__BRIEF__. Each line of data below is to be returned exactly, leaving out any picture.

(Saved entries)
************

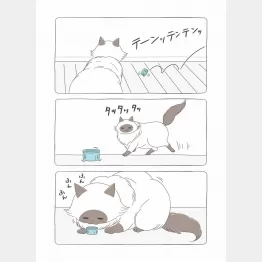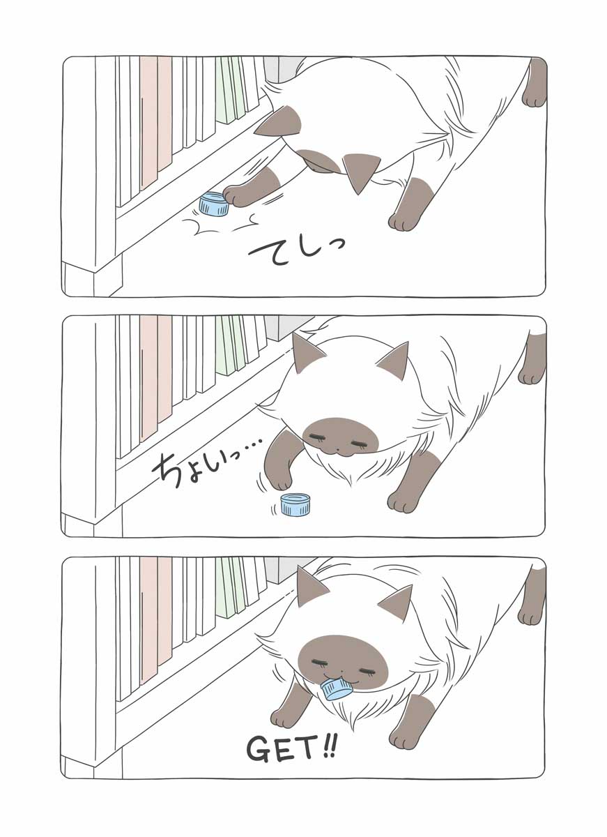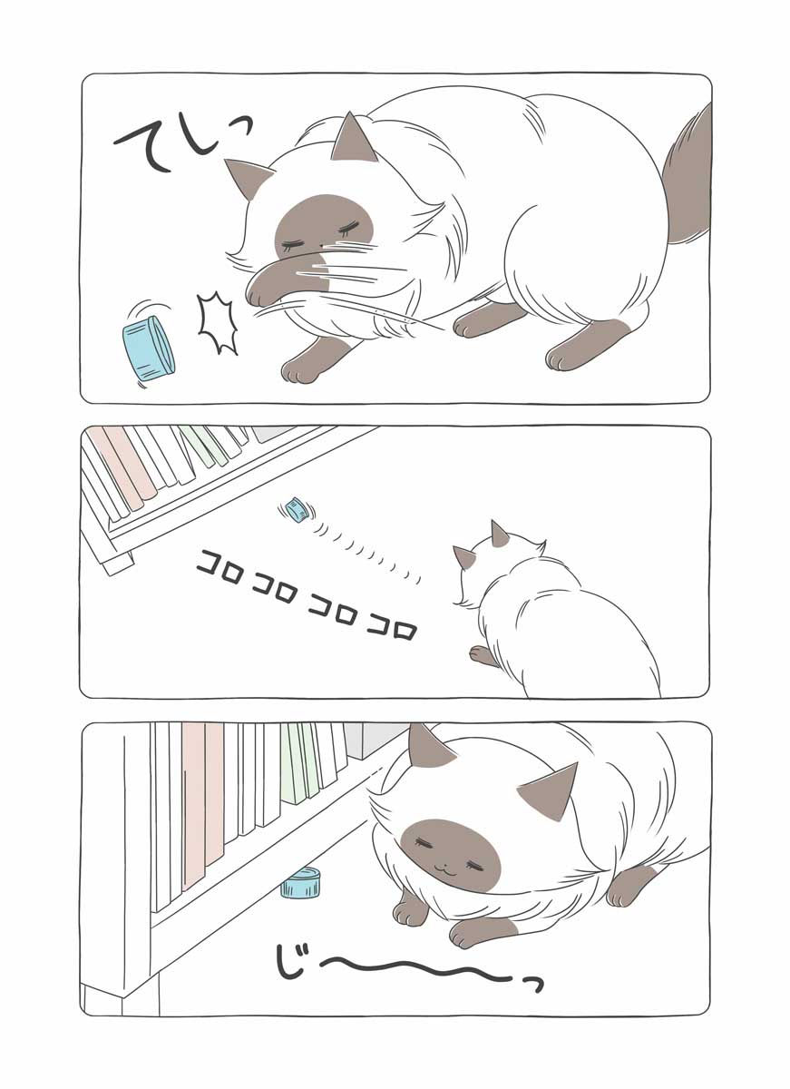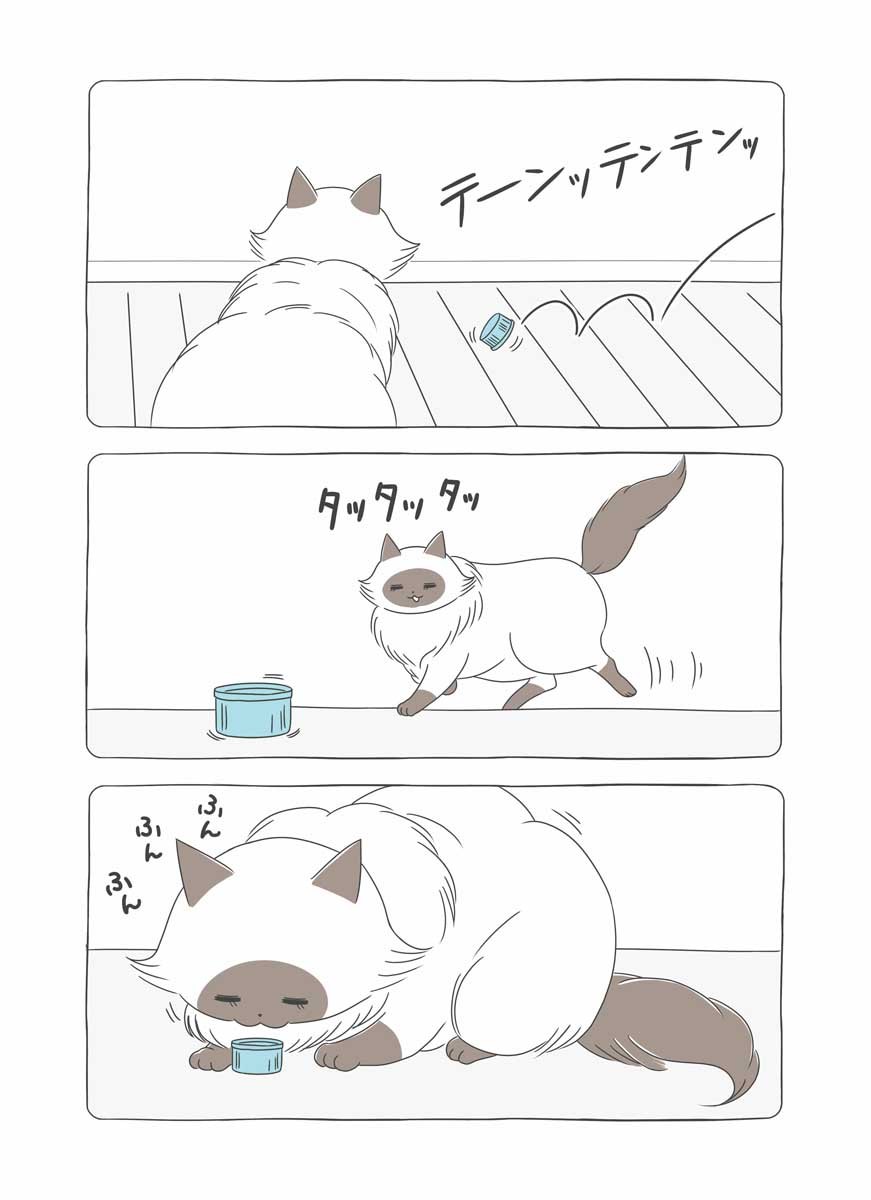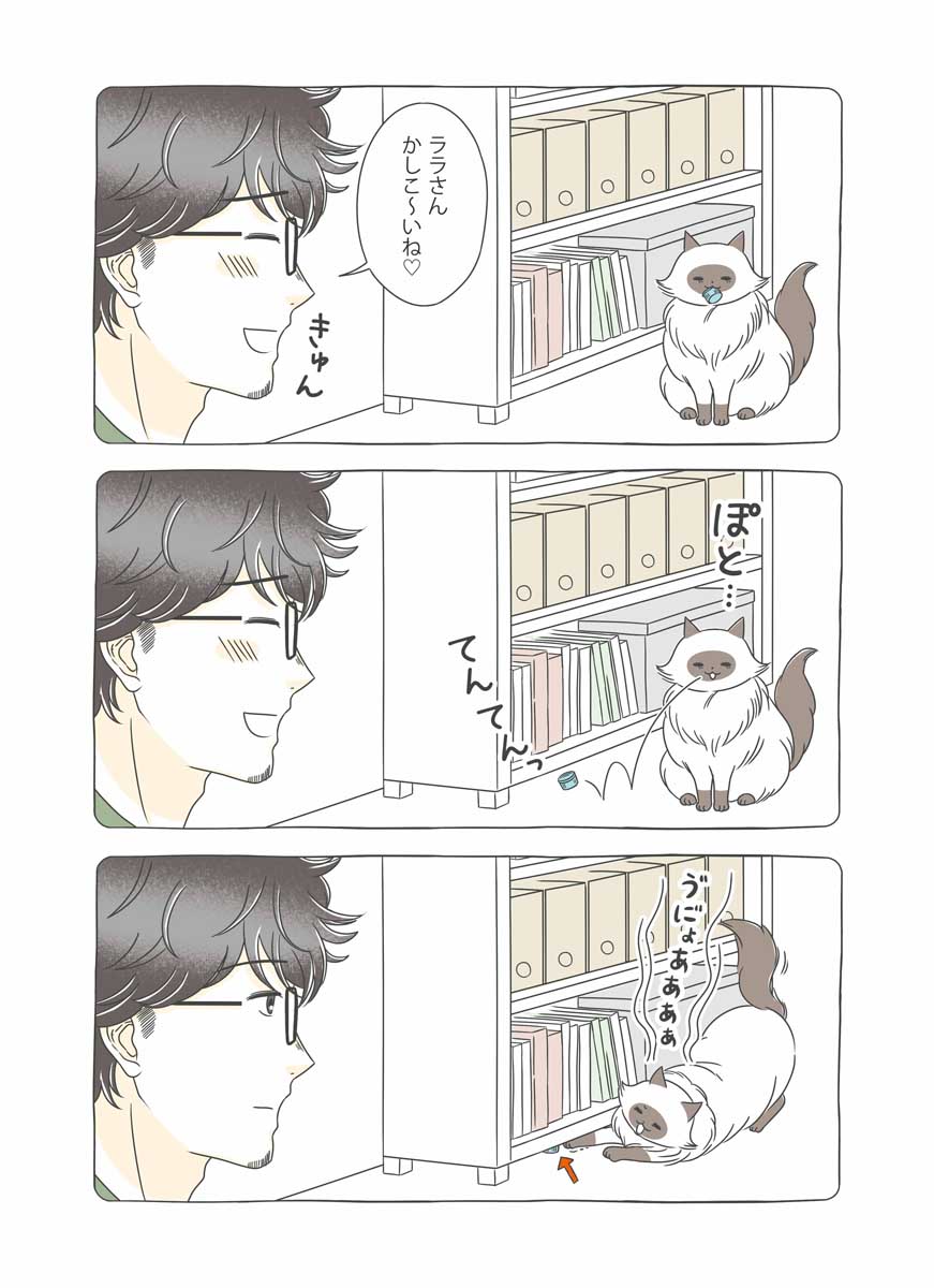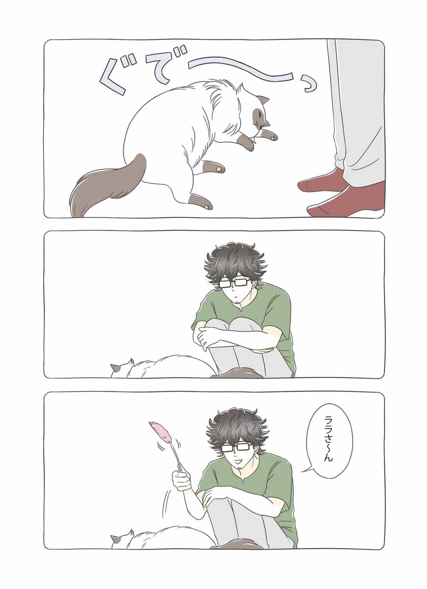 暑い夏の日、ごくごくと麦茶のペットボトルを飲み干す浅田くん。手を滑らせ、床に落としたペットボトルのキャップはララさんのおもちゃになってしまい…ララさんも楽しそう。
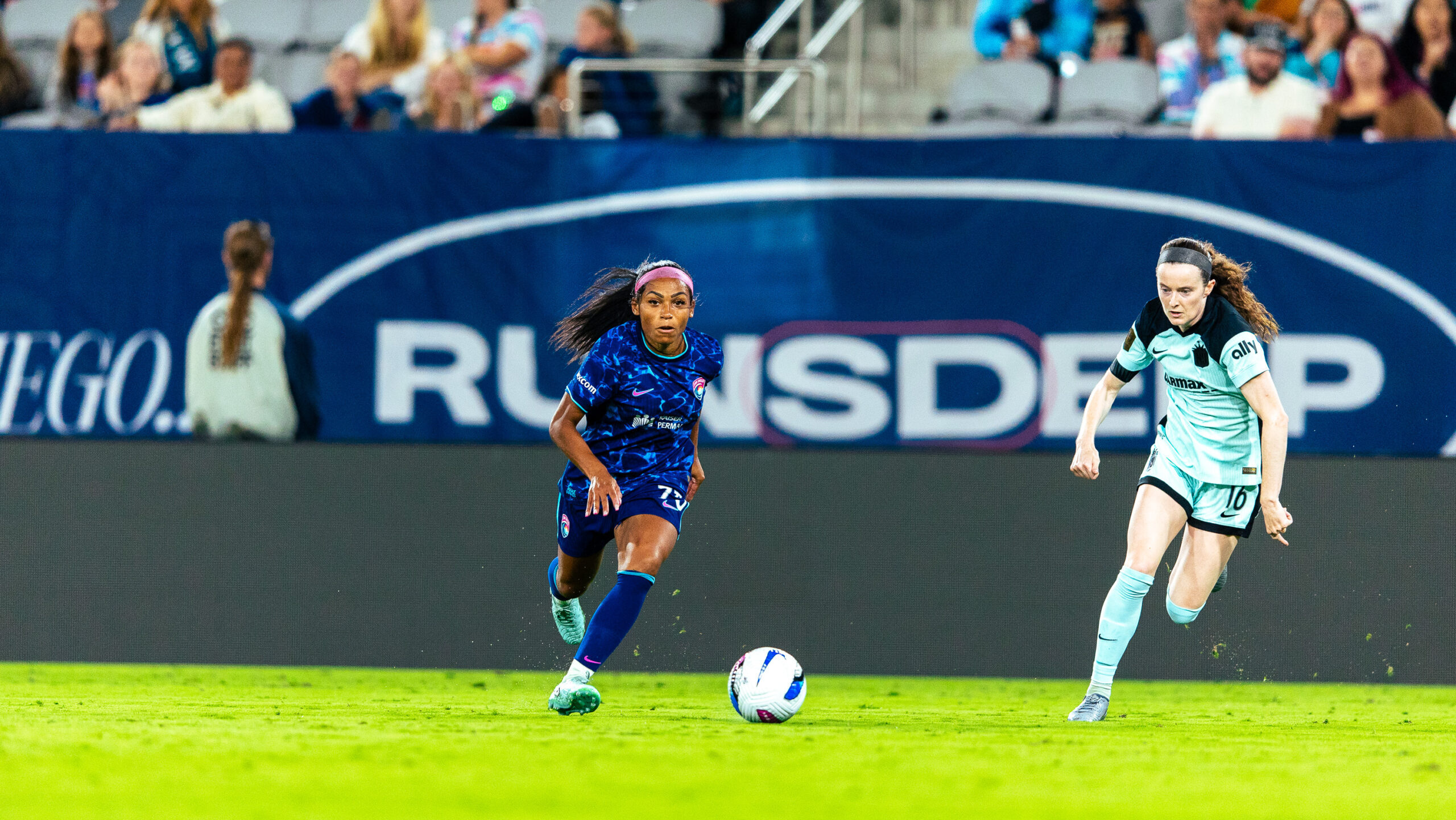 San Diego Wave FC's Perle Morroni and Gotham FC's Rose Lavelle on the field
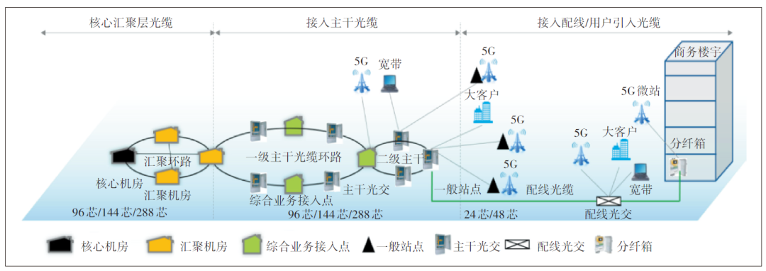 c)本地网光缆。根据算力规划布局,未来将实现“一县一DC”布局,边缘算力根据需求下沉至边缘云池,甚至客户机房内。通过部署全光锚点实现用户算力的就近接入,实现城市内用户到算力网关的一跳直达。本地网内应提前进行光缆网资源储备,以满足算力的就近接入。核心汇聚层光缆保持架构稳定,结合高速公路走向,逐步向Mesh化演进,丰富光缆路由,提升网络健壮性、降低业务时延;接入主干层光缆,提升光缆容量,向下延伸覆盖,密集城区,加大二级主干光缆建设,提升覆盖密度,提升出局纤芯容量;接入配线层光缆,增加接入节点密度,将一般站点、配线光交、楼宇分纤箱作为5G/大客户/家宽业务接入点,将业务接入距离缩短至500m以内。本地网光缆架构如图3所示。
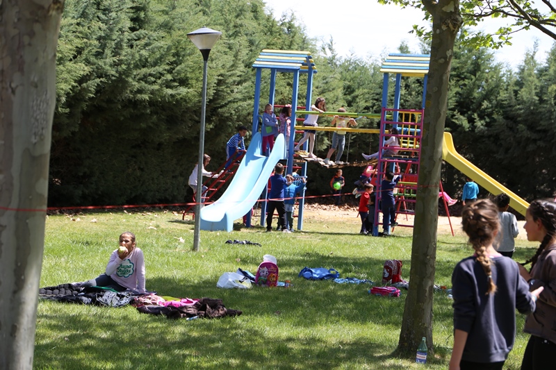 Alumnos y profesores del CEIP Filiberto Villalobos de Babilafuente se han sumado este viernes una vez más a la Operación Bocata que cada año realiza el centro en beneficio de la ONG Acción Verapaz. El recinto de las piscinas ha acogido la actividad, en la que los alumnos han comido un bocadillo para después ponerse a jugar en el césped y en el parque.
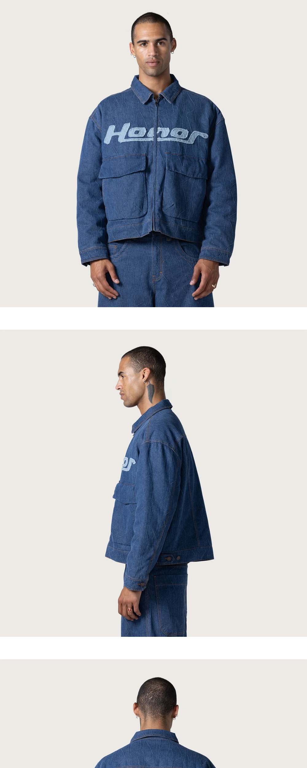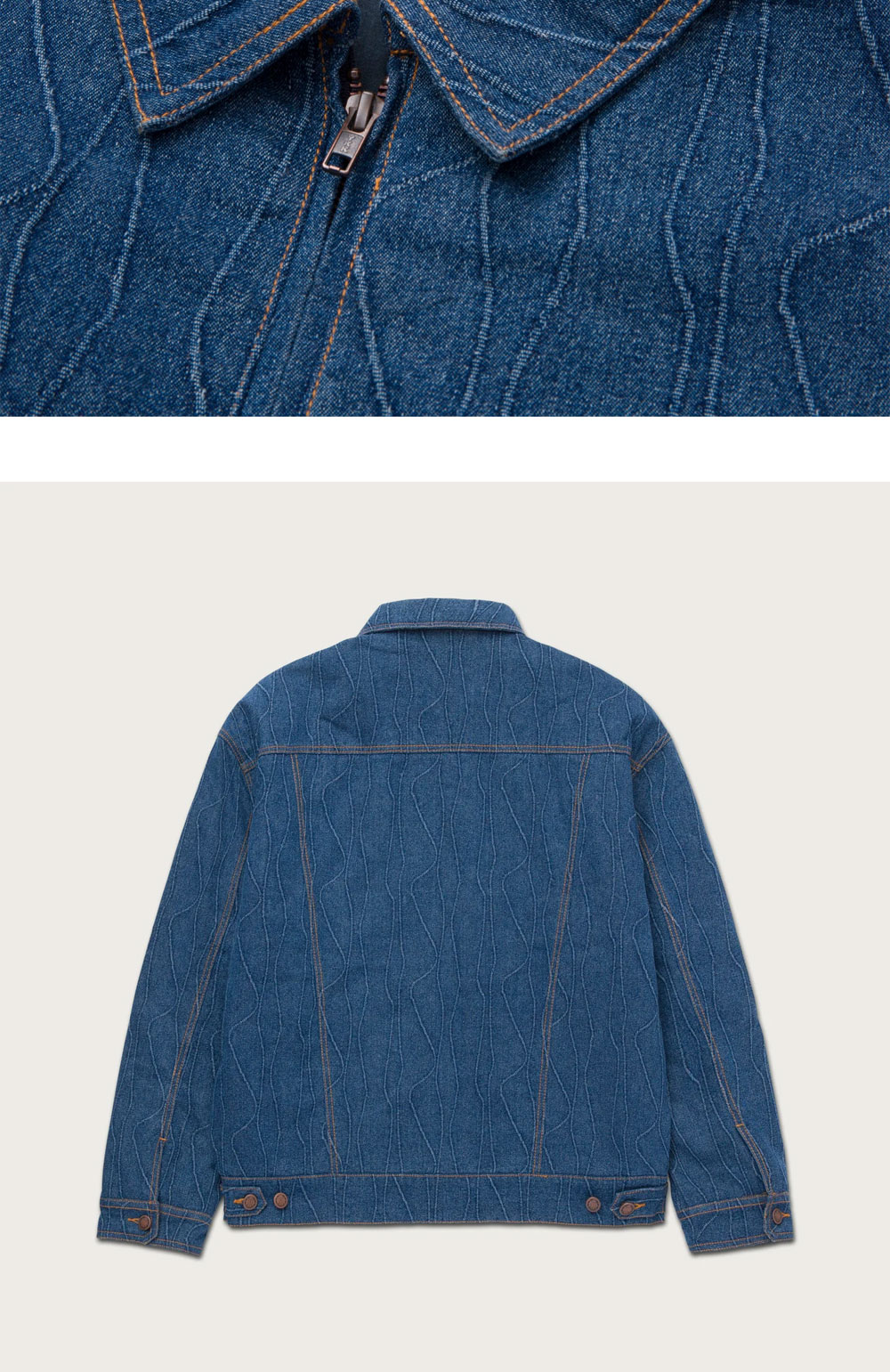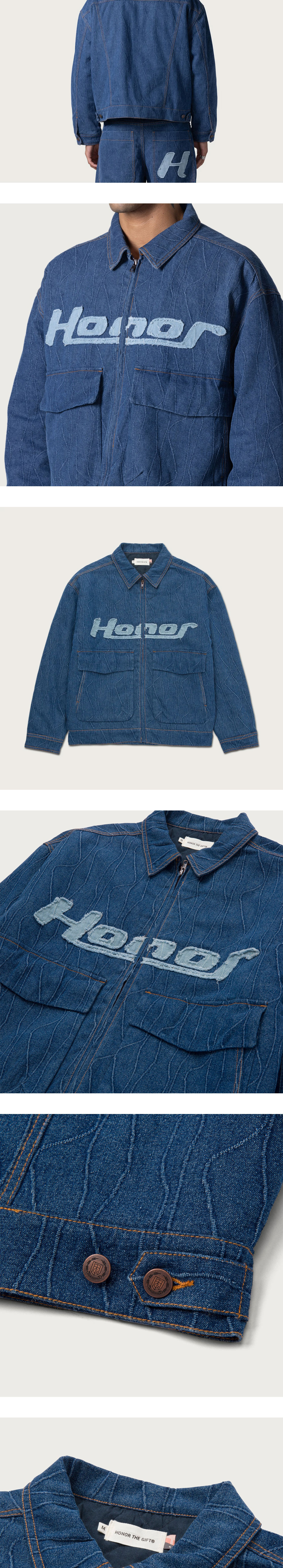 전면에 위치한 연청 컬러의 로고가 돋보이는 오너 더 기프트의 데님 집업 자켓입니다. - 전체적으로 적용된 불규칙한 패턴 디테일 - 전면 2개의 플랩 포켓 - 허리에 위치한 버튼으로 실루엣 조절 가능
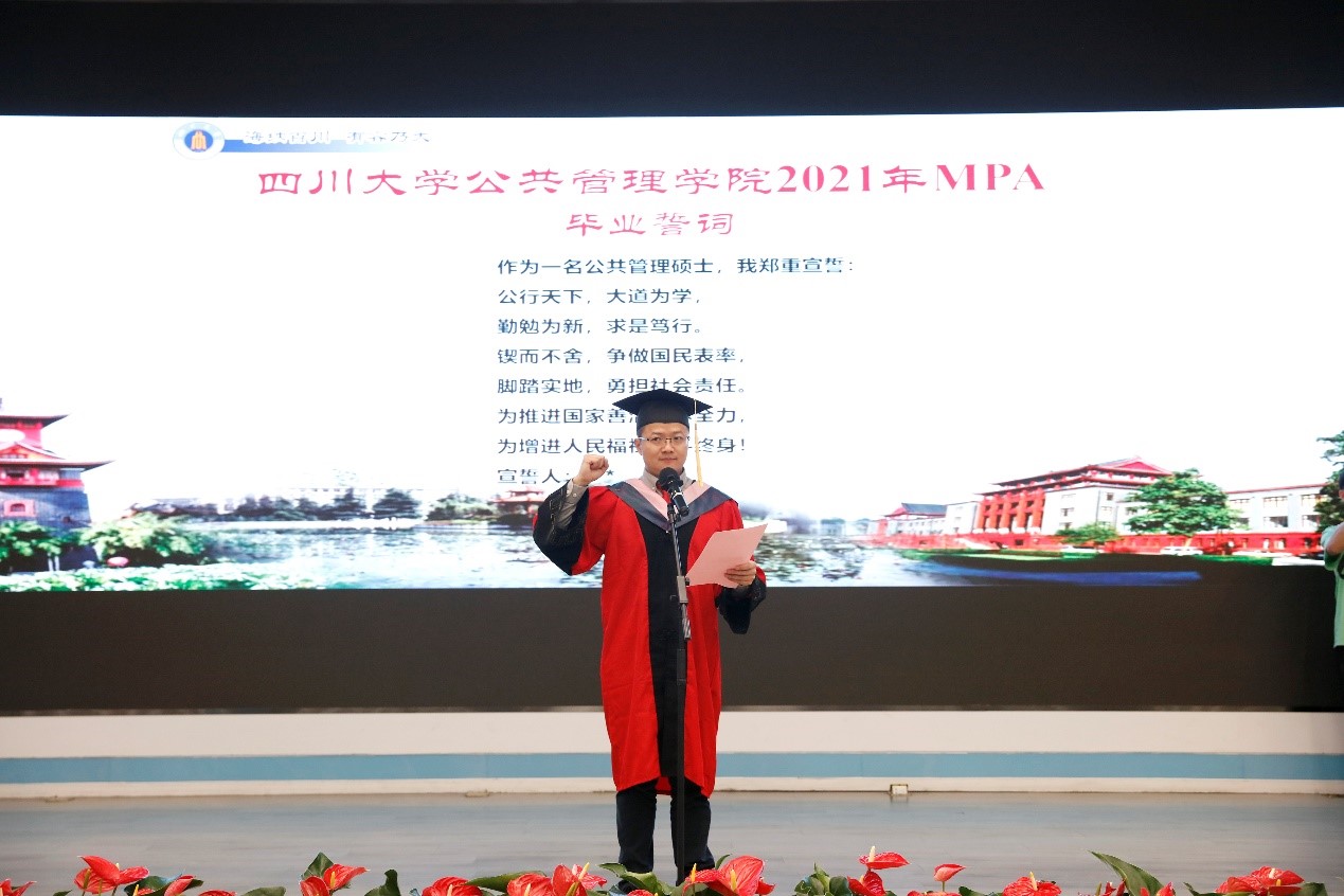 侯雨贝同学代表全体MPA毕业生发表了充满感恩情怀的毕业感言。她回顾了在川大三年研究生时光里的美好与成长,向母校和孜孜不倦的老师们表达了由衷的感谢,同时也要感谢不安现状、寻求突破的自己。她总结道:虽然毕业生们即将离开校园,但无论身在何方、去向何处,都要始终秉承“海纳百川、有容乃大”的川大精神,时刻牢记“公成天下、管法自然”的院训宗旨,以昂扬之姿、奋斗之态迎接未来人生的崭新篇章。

************

__WRITTEN ANSWER__.
 暑い夏の日、ごくごくと麦茶のペットボトルを飲み干す浅田くん。手を滑らせ、床に落としたペットボトルのキャップはララさんのおもちゃになってしまい…ララさんも楽しそう。
 San Diego Wave FC's Perle Morroni and Gotham FC's Rose Lavelle on the field
 c)本地网光缆。根据算力规划布局,未来将实现“一县一DC”布局,边缘算力根据需求下沉至边缘云池,甚至客户机房内。通过部署全光锚点实现用户算力的就近接入,实现城市内用户到算力网关的一跳直达。本地网内应提前进行光缆网资源储备,以满足算力的就近接入。核心汇聚层光缆保持架构稳定,结合高速公路走向,逐步向Mesh化演进,丰富光缆路由,提升网络健壮性、降低业务时延;接入主干层光缆,提升光缆容量,向下延伸覆盖,密集城区,加大二级主干光缆建设,提升覆盖密度,提升出局纤芯容量;接入配线层光缆,增加接入节点密度,将一般站点、配线光交、楼宇分纤箱作为5G/大客户/家宽业务接入点,将业务接入距离缩短至500m以内。本地网光缆架构如图3所示。
 Alumnos y profesores del CEIP Filiberto Villalobos de Babilafuente se han sumado este viernes una vez más a la Operación Bocata que cada año realiza el centro en beneficio de la ONG Acción Verapaz. El recinto de las piscinas ha acogido la actividad, en la que los alumnos han comido un bocadillo para después ponerse a jugar en el césped y en el parque.
 전면에 위치한 연청 컬러의 로고가 돋보이는 오너 더 기프트의 데님 집업 자켓입니다. - 전체적으로 적용된 불규칙한 패턴 디테일 - 전면 2개의 플랩 포켓 - 허리에 위치한 버튼으로 실루엣 조절 가능
 侯雨贝同学代表全体MPA毕业生发表了充满感恩情怀的毕业感言。她回顾了在川大三年研究生时光里的美好与成长,向母校和孜孜不倦的老师们表达了由衷的感谢,同时也要感谢不安现状、寻求突破的自己。她总结道:虽然毕业生们即将离开校园,但无论身在何方、去向何处,都要始终秉承“海纳百川、有容乃大”的川大精神,时刻牢记“公成天下、管法自然”的院训宗旨,以昂扬之姿、奋斗之态迎接未来人生的崭新篇章。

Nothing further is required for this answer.